Step 3: check the user's playback profile¶
Sometimes ffmpeg is fine and the problem is upstream: Jellyfin is choosing to transcode where it could direct-play, or refusing direct-stream because the client claims unsupported.
# Tail the main Jellyfin log during a known-bad play
kubectl -n media logs $POD -f | grep -iE "stream|playback|transcoding decision|videocodec|audiocodec"
The key line is "Transcoding decision: ...". It will say the chosen reason ("Container is not supported", "Audio codec is not supported", "Bitrate is too high"). Most of the time this is correct and the answer is "fix the client" (e.g. the iOS native player that lies about HEVC support). Sometimes it is a misconfigured custom profile in Dashboard, easy to fix.
Fix patterns¶
Hardware accel broken after image bump¶
# Make sure the Deployment has these for VAAPI / Intel QSV:
spec:
template:
spec:
securityContext:
runAsUser: 1000
runAsGroup: 1000
supplementalGroups: [44, 109] # video, render groups on Debian-based images
containers:
- name: jellyfin
resources:
limits:
gpu.intel.com/i915: 1 # if using the Intel device plugin
volumeMounts:
- mountPath: /dev/dri
name: dri
volumes:
- name: dri
hostPath:
path: /dev/dri
type: Directory
Verify the host's render group GID matches one of the supplementalGroups. On Debian 12 it is 109; older may be 110.
Transcoding works but the box is melting¶
Cap concurrent transcodes. Dashboard > Playback > "Maximum number of concurrent stream transcodes" set conservatively (1 to 2 for a small iGPU, 4 to 6 for an Arc / dedicated GPU). Better to refuse a play than to deliver four broken ones.
Direct-play forced where transcoding is wanted¶
A specific client-profile override in /config/data/dlna/profiles/users/ may be forcing direct play and failing on the wall clock instead of falling back. Move the profile aside, restart Jellyfin, retest with the default profile.
Source file is corrupt¶
# Run from the pod (uses jellyfin-ffmpeg, not system ffmpeg)

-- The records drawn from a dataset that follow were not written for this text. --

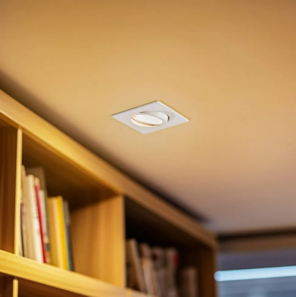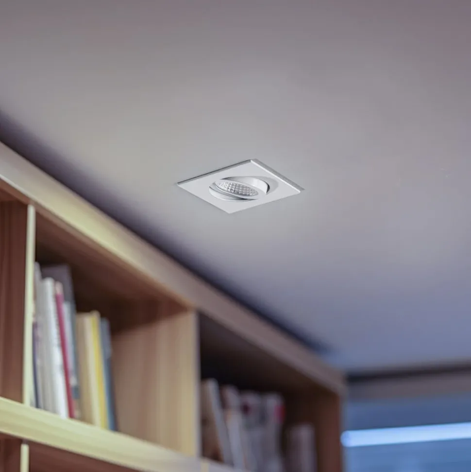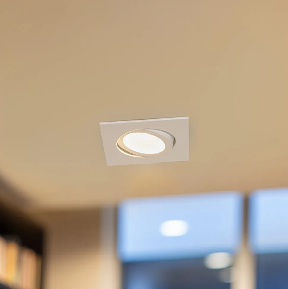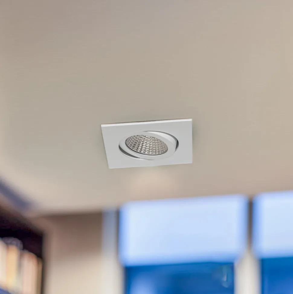 Zwenkbare LED inbouwdownlight BB05 van aluminium De BB05 inbouwarmatuur is eenvoudig en modern. Het vierkante frame omsluit een ronde armatuurkop die in de gewenste richting kan worden gericht. BB05 biedt directe verlichting voor privé- en openbare ruimten in droge binnenruimten zoals een gang, lobby of eetkamer. Twee bevestigingsveren voor montage zonder gereedschap inbegrepen – Niet-dimbare LED-converter inbegrepen – Stralingshoek: 38° – Zwenkbereik: 30° rondom – Plafonddikte: max. 1,3 cm – Geen afdekking met thermisch isolatiemateriaal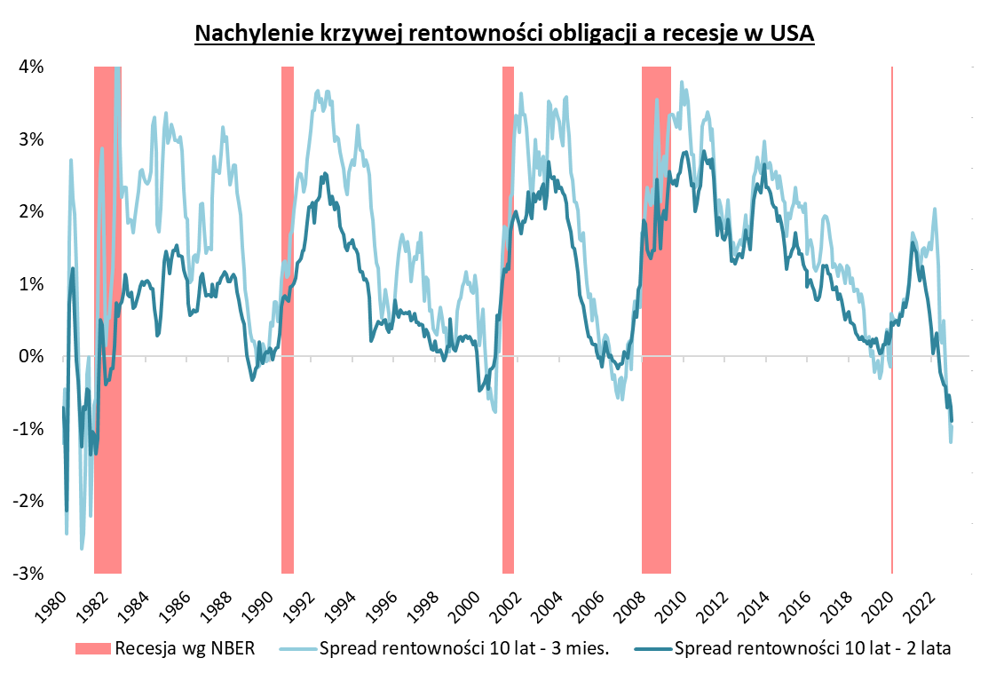 Rys. 3. Najgłębsza od czterech dekad inwersja krzywej rentowności amerykańskich obligacji przypomina o recesji na horyzoncie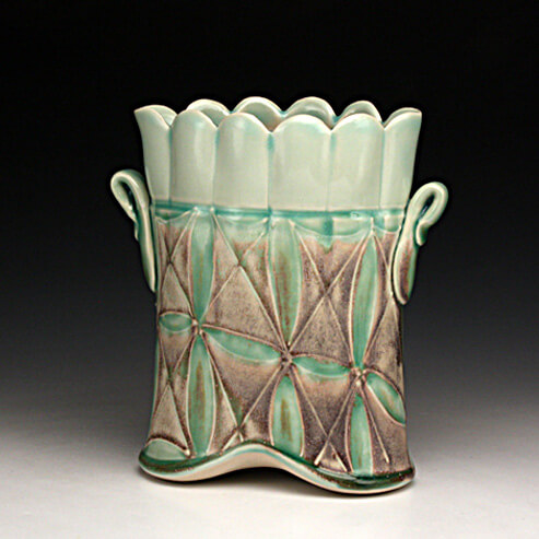 My intent is to make useful objects that challenge the familiar. I strive to make well – crafted pottery that records the transformation of material and process. I use volumetric forms that suggest sensuality in the curves and bends of the clay. Soft celadon glazes highlight the decorative marks that pattern the rich surfaces of my pots. Within this body of work I bring together influences as diverse as woven crafts, antique glass, and the Art Deco period. These influences combine to reveal the decorative language in the details of each piece.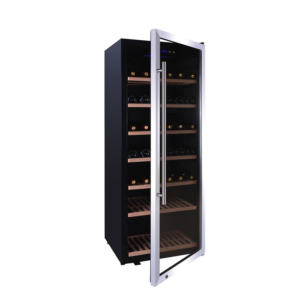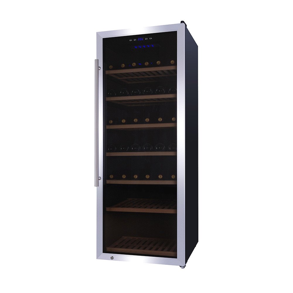 Samostatne stojaca chladnička na víno, ktorá dokonale vyhovuje vašim individuálnym potrebám skladovania vína. Vďaka svojmu štýlovému vzhľadu je tou najlepšou voľbou pre každého milovníka vína. Veľkokapacitné zariadenie pojme až 192 fliaš naraz. Moderný dizajn, sklenené dvierka a drevené police sa perfektne hodia do každého obchodu alebo dokonca do domácnosti.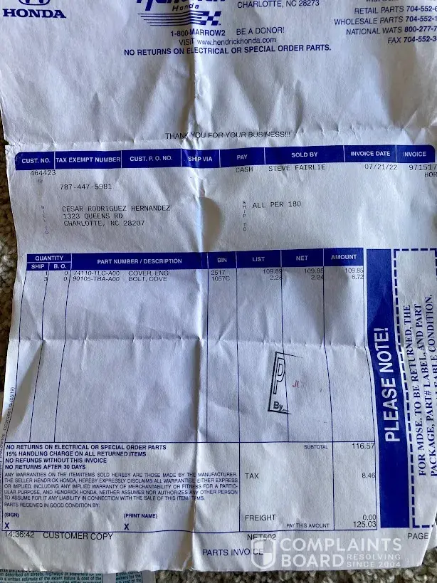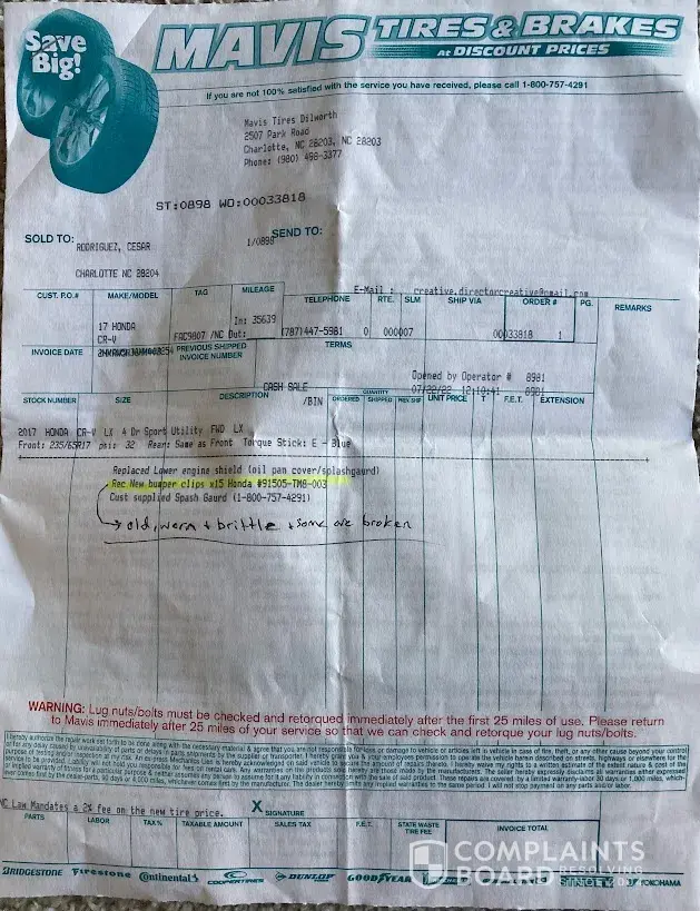 I did get an oil change at Mavis Dilworth NC on July 13,2022. Three days later, when I was driving my car on a highway in Ohio, suddenly, I heard a horrible sound. A passing driver alerted me that my car was dragging a metal plate that was scraping the road and causing sparks. Immediately, I stopped, looked under my car and saw a big metal plate/sheet thing just hanging off from the front end of it. It looks like it's the lower engine cover. Immediately, I drove to the nearest mechanic shop, where they managed to remove it. The mechanic told me that it is a common problem when someone inexperienced changes the oil in Honda cars, since they require certain extra care. He asserted Mavis was responsible for the incident, and urged me to go to Mavis so they take responsibility for the replacement and installation of the part. Something I did as soon as I got to Charlotte. And that Mavis Dilworth half did because, they still haven't paid me for the Lower Engine Cover that I had to buy on at the Honda dealer. Jim, Mavis' manager, placed the piece in my vehicle (although there are still some bumper clips to install), but he had no idea how to refund me the money. He agreed to call me, and, for two months, every time I contacted them, they told me that they had not received any authorization from Mavis' main office to reimburse me for that part.

kubectl -n media exec $POD -- /usr/lib/jellyfin-ffmpeg/ffprobe -v error \
-show_streams -show_format \
"/media/<path-to-the-bad-file>"
If ffprobe errors out, the file is the problem, not Jellyfin. Re-grab from the *arr stack or restore from snapshot.
Telemetry to add (if not present)¶
The lab's Prometheus stack already scrapes pod CPU and memory. Useful Jellyfin-specific signals if you want them:
jellyfin_active_sessionsfrom the Jellyfin Prometheus plugin.jellyfin_transcoding_sessionscount.- A
nvidia-smiexporter (or DCGM) if running NVENC; track GPU utilization and encoder utilization separately. The lab has had GPU temp vianode_hwmon(see homepage temperatures panel) but no direct NVENC saturation metric.
A "transcoding active for >X min" alert is more useful than "Jellyfin is up", because Jellyfin can be up and Ready while every stream silently fails.
Patterns worth knowing¶
- Read the ffmpeg log first, every time. It is verbose and intimidating, but the actual error is in there in plain text and saves hours of guessing.
- Hardware accel is a silent regression magnet. Every image rebuild, every kernel upgrade, every CSI/device-plugin change can break it without a clear failure. Add a synthetic transcode check (a tiny file ffmpeg-transcoded on a CronJob) that pages on failure.
- Refuse, don't degrade. Capping concurrent transcodes preserves quality of service. Letting a small box accept 6 streams and serve 6 broken ones is worse than serving 2 well.
- SQLite + active stream + abrupt restart = corruption. Treat it as a hard rule. See the DB corruption runbook.